During flight, a boundary layer of air builds up on the exposed surfaces of an aircraft. The boundary layer is a thin film of low velocity, low dynamic pressure air located near a solid boundary and resulting from the air being at rest along the solid boundary. The boundary layer which forms on surfaces located upstream of an aircraft engine can become ingested by the engine and decrease the recovery of total pressure and corresponding thrust performance. Further, the ingested boundary layer increases the flow distortion (a measurement of the quality or uniformity of flow characteristics) at the engine and thereby decreases the stability of engine operation. On the aircraft wing and/or other external surfaces of the aircraft, the boundary layer can increase skin friction and therefore drag. In some instances, the boundary layer can cause premature separation of the flow from the external surface, further increasing drag and/or reducing lift.

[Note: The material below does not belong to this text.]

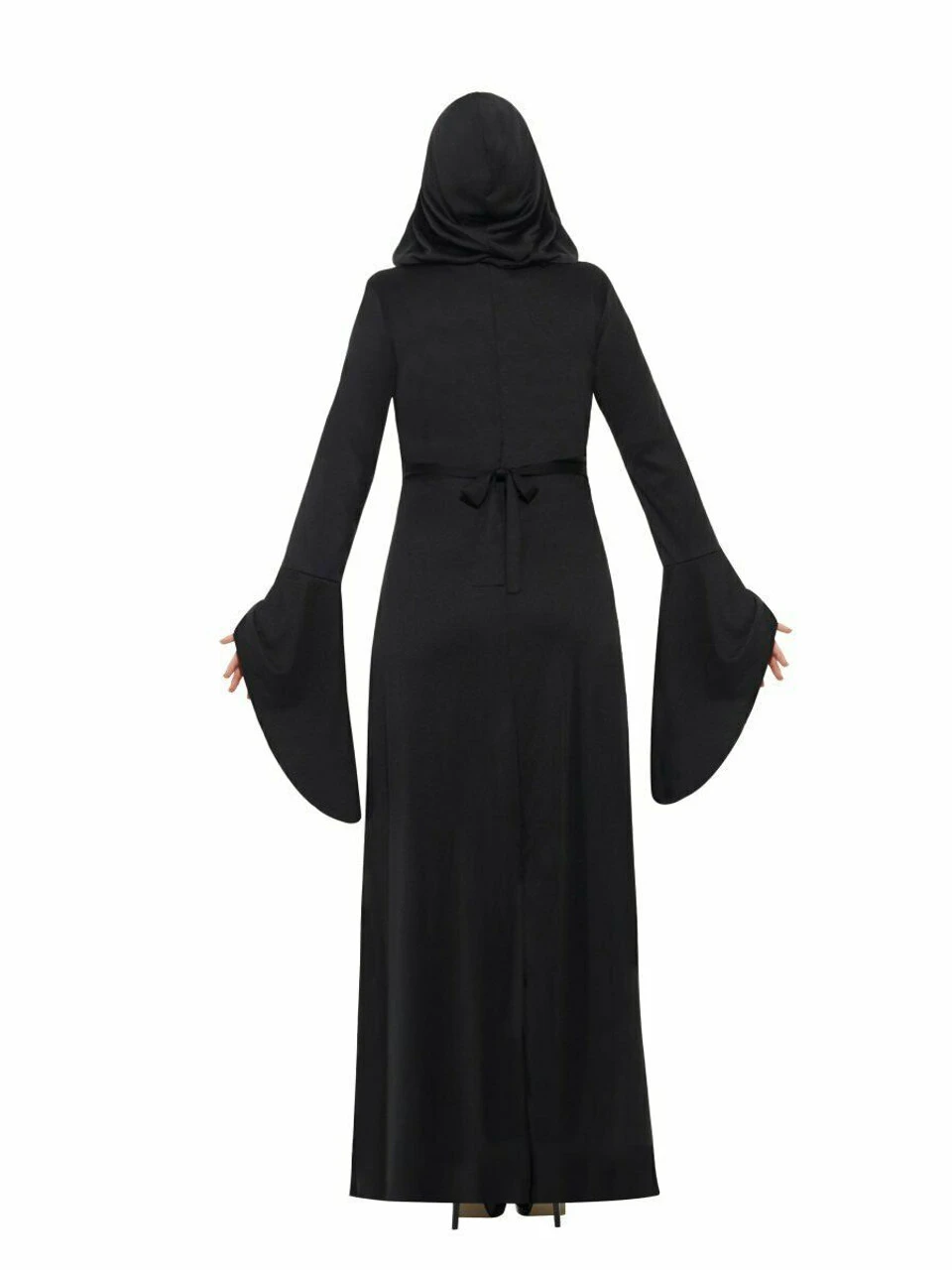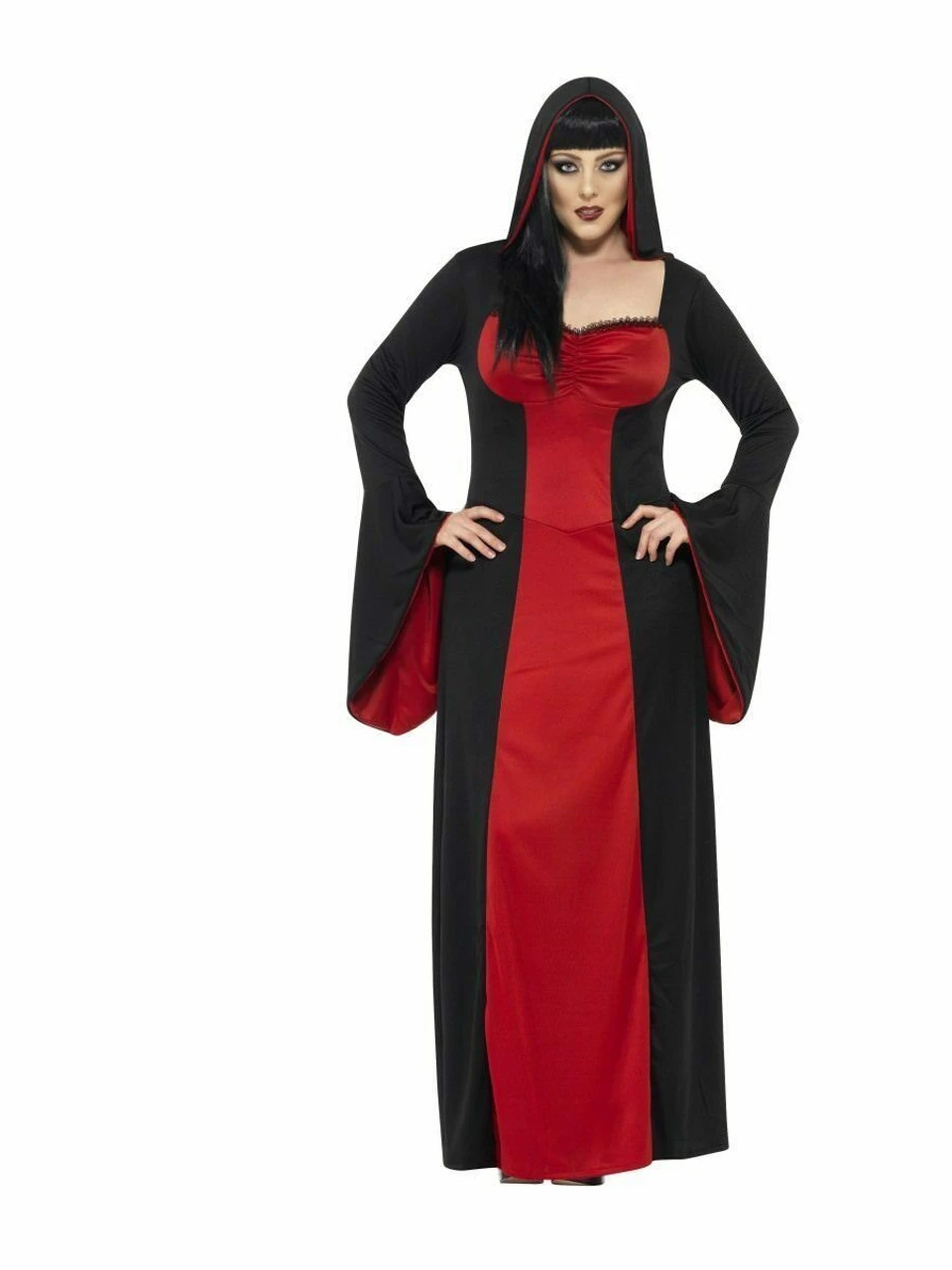 Tempt the Halloween horrors with the Dark Temptress Costume. This female Halloween costume is perfect for the scary season. Included is a red and black robe dress with an attached hood.Â

As a result of the foregoing drawbacks associated with boundary layers, many aircraft have employed some type of boundary layer removal, reduction, and/or control system to provide for stable engine operation and increased aerodynamic performance. Representative systems include boundary layer diverters, “bump” boundary layer deflectors, boundary layer bypass ducts, vortex generators, and porous surfaces or slots that either bleed boundary layer flow from the surface, or energize the flow by air injection. Unfortunately, these systems are often complex and can entail a substantial increase in aircraft weight and/or volume.
One recent technique for addressing boundary layer flow is to use a dielectric barrier discharge device (e.g., a plasma actuator) to energize and/or redirect the boundary layer flow. These devices operate by ionizing air adjacent to the flow surface in such a way as to generate or direct flow adjacent to the surface. Accordingly, dielectric barrier discharge devices typically include a pair of electrodes separated by a dielectric material. The voltage applied to at least one of the electrodes is typically cycled in a sinusoidal fashion to ionize the adjacent air. While the foregoing approach has been shown to create the desired effect on the boundary layer at particular flight conditions, there remains a need to control the boundary layer at other conditions, including high load conditions, and particularly buffet conditions, such as those experienced by multi-role air fighter aircraft and other high performance aircraft.